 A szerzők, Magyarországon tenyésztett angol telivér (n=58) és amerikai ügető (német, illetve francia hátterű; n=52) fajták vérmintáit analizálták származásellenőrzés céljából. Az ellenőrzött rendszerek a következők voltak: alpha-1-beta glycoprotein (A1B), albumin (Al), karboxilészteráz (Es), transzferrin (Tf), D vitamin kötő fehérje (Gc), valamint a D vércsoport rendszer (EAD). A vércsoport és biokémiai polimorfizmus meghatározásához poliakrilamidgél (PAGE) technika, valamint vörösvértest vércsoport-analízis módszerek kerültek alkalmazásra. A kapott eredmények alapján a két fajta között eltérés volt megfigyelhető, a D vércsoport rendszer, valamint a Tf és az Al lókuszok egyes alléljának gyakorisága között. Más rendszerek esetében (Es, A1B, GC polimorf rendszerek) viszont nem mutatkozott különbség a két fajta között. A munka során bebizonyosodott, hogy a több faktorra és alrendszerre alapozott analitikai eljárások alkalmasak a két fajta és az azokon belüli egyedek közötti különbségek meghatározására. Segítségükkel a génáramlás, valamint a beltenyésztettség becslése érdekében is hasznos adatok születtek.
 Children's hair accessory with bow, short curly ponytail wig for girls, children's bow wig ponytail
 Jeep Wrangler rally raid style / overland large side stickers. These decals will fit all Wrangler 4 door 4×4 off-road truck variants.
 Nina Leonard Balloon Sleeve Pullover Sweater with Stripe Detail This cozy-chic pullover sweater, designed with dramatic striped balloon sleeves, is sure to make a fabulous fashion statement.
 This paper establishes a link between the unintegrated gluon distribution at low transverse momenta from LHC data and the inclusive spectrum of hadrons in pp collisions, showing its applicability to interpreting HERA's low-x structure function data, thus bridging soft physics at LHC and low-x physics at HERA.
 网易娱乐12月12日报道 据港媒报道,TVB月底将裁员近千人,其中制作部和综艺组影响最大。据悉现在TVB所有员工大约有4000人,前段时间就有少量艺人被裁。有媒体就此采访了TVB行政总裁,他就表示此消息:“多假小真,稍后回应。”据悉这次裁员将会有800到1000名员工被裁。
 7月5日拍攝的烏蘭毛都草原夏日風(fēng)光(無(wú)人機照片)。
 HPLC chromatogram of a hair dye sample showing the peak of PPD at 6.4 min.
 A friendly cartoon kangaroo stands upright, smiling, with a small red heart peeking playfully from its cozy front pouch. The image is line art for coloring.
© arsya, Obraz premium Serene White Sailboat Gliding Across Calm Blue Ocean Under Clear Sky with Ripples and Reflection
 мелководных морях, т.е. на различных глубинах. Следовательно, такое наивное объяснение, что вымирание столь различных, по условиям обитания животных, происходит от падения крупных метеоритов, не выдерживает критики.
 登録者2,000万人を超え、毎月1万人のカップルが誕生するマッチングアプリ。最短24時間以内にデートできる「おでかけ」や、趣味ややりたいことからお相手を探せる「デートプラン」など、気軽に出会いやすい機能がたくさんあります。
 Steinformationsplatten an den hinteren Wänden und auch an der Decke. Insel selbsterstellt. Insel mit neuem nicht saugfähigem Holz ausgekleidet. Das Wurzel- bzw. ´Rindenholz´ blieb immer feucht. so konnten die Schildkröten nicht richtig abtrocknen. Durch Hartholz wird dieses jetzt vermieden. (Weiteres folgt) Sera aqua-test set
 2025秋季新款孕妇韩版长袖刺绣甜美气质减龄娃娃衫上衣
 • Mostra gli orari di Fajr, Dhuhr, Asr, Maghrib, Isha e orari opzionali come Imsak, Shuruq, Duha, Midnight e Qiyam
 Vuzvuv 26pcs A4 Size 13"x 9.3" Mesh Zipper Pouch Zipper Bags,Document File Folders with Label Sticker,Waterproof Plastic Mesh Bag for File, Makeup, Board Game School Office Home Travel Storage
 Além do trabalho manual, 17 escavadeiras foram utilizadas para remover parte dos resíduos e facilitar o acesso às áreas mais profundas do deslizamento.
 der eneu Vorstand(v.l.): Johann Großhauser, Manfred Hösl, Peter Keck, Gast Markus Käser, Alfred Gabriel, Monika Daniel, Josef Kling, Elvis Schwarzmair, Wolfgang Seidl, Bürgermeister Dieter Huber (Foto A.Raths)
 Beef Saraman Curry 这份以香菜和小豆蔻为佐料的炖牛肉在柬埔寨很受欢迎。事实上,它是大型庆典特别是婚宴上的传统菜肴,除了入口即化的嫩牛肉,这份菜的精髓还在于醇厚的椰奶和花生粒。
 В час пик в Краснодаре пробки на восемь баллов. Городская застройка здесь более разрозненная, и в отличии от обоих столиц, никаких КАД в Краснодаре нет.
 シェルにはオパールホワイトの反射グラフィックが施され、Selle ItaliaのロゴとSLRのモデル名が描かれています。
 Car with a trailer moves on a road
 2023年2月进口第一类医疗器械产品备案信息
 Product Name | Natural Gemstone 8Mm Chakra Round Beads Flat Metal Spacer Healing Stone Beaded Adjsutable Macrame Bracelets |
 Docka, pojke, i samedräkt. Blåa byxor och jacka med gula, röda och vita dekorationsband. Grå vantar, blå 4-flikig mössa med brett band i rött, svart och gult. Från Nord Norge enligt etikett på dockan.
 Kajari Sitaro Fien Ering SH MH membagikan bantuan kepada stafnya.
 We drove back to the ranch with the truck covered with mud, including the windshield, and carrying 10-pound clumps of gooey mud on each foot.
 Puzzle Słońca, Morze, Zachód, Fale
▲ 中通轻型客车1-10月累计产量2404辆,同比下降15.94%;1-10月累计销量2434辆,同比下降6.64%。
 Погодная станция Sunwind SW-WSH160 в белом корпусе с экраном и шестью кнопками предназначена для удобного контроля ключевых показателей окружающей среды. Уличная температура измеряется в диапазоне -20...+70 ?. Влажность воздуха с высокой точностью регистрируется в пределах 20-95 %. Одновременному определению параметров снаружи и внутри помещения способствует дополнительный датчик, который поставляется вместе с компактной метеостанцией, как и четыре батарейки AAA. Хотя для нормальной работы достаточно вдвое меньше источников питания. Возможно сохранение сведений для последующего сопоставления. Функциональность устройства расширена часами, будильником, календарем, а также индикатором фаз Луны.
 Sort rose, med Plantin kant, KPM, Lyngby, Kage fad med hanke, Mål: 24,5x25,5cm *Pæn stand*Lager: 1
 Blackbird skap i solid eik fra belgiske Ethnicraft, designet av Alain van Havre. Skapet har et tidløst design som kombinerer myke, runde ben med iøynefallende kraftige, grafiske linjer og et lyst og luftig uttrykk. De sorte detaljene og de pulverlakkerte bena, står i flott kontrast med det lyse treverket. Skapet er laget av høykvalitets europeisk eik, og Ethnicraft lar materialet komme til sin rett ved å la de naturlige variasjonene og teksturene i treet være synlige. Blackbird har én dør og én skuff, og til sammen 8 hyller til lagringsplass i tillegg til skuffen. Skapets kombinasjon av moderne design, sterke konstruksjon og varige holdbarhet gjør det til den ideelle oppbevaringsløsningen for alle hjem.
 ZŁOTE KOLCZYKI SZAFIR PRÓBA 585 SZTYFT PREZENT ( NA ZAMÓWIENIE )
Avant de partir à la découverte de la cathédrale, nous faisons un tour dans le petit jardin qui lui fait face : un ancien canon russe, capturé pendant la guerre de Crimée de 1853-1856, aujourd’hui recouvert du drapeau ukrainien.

### Exercise
Line by line, repeat the data exactly.

### Response to the task
 A szerzők, Magyarországon tenyésztett angol telivér (n=58) és amerikai ügető (német, illetve francia hátterű; n=52) fajták vérmintáit analizálták származásellenőrzés céljából. Az ellenőrzött rendszerek a következők voltak: alpha-1-beta glycoprotein (A1B), albumin (Al), karboxilészteráz (Es), transzferrin (Tf), D vitamin kötő fehérje (Gc), valamint a D vércsoport rendszer (EAD). A vércsoport és biokémiai polimorfizmus meghatározásához poliakrilamidgél (PAGE) technika, valamint vörösvértest vércsoport-analízis módszerek kerültek alkalmazásra. A kapott eredmények alapján a két fajta között eltérés volt megfigyelhető, a D vércsoport rendszer, valamint a Tf és az Al lókuszok egyes alléljának gyakorisága között. Más rendszerek esetében (Es, A1B, GC polimorf rendszerek) viszont nem mutatkozott különbség a két fajta között. A munka során bebizonyosodott, hogy a több faktorra és alrendszerre alapozott analitikai eljárások alkalmasak a két fajta és az azokon belüli egyedek közötti különbségek meghatározására. Segítségükkel a génáramlás, valamint a beltenyésztettség becslése érdekében is hasznos adatok születtek.
 Children's hair accessory with bow, short curly ponytail wig for girls, children's bow wig ponytail
 Jeep Wrangler rally raid style / overland large side stickers. These decals will fit all Wrangler 4 door 4×4 off-road truck variants.
 Nina Leonard Balloon Sleeve Pullover Sweater with Stripe Detail This cozy-chic pullover sweater, designed with dramatic striped balloon sleeves, is sure to make a fabulous fashion statement.
 This paper establishes a link between the unintegrated gluon distribution at low transverse momenta from LHC data and the inclusive spectrum of hadrons in pp collisions, showing its applicability to interpreting HERA's low-x structure function data, thus bridging soft physics at LHC and low-x physics at HERA.
 网易娱乐12月12日报道 据港媒报道,TVB月底将裁员近千人,其中制作部和综艺组影响最大。据悉现在TVB所有员工大约有4000人,前段时间就有少量艺人被裁。有媒体就此采访了TVB行政总裁,他就表示此消息:“多假小真,稍后回应。”据悉这次裁员将会有800到1000名员工被裁。
 7月5日拍攝的烏蘭毛都草原夏日風(fēng)光(無(wú)人機照片)。
 HPLC chromatogram of a hair dye sample showing the peak of PPD at 6.4 min.
 A friendly cartoon kangaroo stands upright, smiling, with a small red heart peeking playfully from its cozy front pouch. The image is line art for coloring.
© arsya, Obraz premium Serene White Sailboat Gliding Across Calm Blue Ocean Under Clear Sky with Ripples and Reflection
 мелководных морях, т.е. на различных глубинах. Следовательно, такое наивное объяснение, что вымирание столь различных, по условиям обитания животных, происходит от падения крупных метеоритов, не выдерживает критики.
 登録者2,000万人を超え、毎月1万人のカップルが誕生するマッチングアプリ。最短24時間以内にデートできる「おでかけ」や、趣味ややりたいことからお相手を探せる「デートプラン」など、気軽に出会いやすい機能がたくさんあります。
 Steinformationsplatten an den hinteren Wänden und auch an der Decke. Insel selbsterstellt. Insel mit neuem nicht saugfähigem Holz ausgekleidet. Das Wurzel- bzw. ´Rindenholz´ blieb immer feucht. so konnten die Schildkröten nicht richtig abtrocknen. Durch Hartholz wird dieses jetzt vermieden. (Weiteres folgt) Sera aqua-test set
 2025秋季新款孕妇韩版长袖刺绣甜美气质减龄娃娃衫上衣
 • Mostra gli orari di Fajr, Dhuhr, Asr, Maghrib, Isha e orari opzionali come Imsak, Shuruq, Duha, Midnight e Qiyam
 Vuzvuv 26pcs A4 Size 13"x 9.3" Mesh Zipper Pouch Zipper Bags,Document File Folders with Label Sticker,Waterproof Plastic Mesh Bag for File, Makeup, Board Game School Office Home Travel Storage
 Além do trabalho manual, 17 escavadeiras foram utilizadas para remover parte dos resíduos e facilitar o acesso às áreas mais profundas do deslizamento.
 der eneu Vorstand(v.l.): Johann Großhauser, Manfred Hösl, Peter Keck, Gast Markus Käser, Alfred Gabriel, Monika Daniel, Josef Kling, Elvis Schwarzmair, Wolfgang Seidl, Bürgermeister Dieter Huber (Foto A.Raths)
 Beef Saraman Curry 这份以香菜和小豆蔻为佐料的炖牛肉在柬埔寨很受欢迎。事实上,它是大型庆典特别是婚宴上的传统菜肴,除了入口即化的嫩牛肉,这份菜的精髓还在于醇厚的椰奶和花生粒。
 В час пик в Краснодаре пробки на восемь баллов. Городская застройка здесь более разрозненная, и в отличии от обоих столиц, никаких КАД в Краснодаре нет.
 シェルにはオパールホワイトの反射グラフィックが施され、Selle ItaliaのロゴとSLRのモデル名が描かれています。
 Car with a trailer moves on a road
 2023年2月进口第一类医疗器械产品备案信息
 Product Name | Natural Gemstone 8Mm Chakra Round Beads Flat Metal Spacer Healing Stone Beaded Adjsutable Macrame Bracelets |
 Docka, pojke, i samedräkt. Blåa byxor och jacka med gula, röda och vita dekorationsband. Grå vantar, blå 4-flikig mössa med brett band i rött, svart och gult. Från Nord Norge enligt etikett på dockan.
 Kajari Sitaro Fien Ering SH MH membagikan bantuan kepada stafnya.
 We drove back to the ranch with the truck covered with mud, including the windshield, and carrying 10-pound clumps of gooey mud on each foot.
 Puzzle Słońca, Morze, Zachód, Fale
▲ 中通轻型客车1-10月累计产量2404辆,同比下降15.94%;1-10月累计销量2434辆,同比下降6.64%。
 Погодная станция Sunwind SW-WSH160 в белом корпусе с экраном и шестью кнопками предназначена для удобного контроля ключевых показателей окружающей среды. Уличная температура измеряется в диапазоне -20...+70 ?. Влажность воздуха с высокой точностью регистрируется в пределах 20-95 %. Одновременному определению параметров снаружи и внутри помещения способствует дополнительный датчик, который поставляется вместе с компактной метеостанцией, как и четыре батарейки AAA. Хотя для нормальной работы достаточно вдвое меньше источников питания. Возможно сохранение сведений для последующего сопоставления. Функциональность устройства расширена часами, будильником, календарем, а также индикатором фаз Луны.
 Sort rose, med Plantin kant, KPM, Lyngby, Kage fad med hanke, Mål: 24,5x25,5cm *Pæn stand*Lager: 1
 Blackbird skap i solid eik fra belgiske Ethnicraft, designet av Alain van Havre. Skapet har et tidløst design som kombinerer myke, runde ben med iøynefallende kraftige, grafiske linjer og et lyst og luftig uttrykk. De sorte detaljene og de pulverlakkerte bena, står i flott kontrast med det lyse treverket. Skapet er laget av høykvalitets europeisk eik, og Ethnicraft lar materialet komme til sin rett ved å la de naturlige variasjonene og teksturene i treet være synlige. Blackbird har én dør og én skuff, og til sammen 8 hyller til lagringsplass i tillegg til skuffen. Skapets kombinasjon av moderne design, sterke konstruksjon og varige holdbarhet gjør det til den ideelle oppbevaringsløsningen for alle hjem.
 ZŁOTE KOLCZYKI SZAFIR PRÓBA 585 SZTYFT PREZENT ( NA ZAMÓWIENIE )
Avant de partir à la découverte de la cathédrale, nous faisons un tour dans le petit jardin qui lui fait face : un ancien canon russe, capturé pendant la guerre de Crimée de 1853-1856, aujourd’hui recouvert du drapeau ukrainien.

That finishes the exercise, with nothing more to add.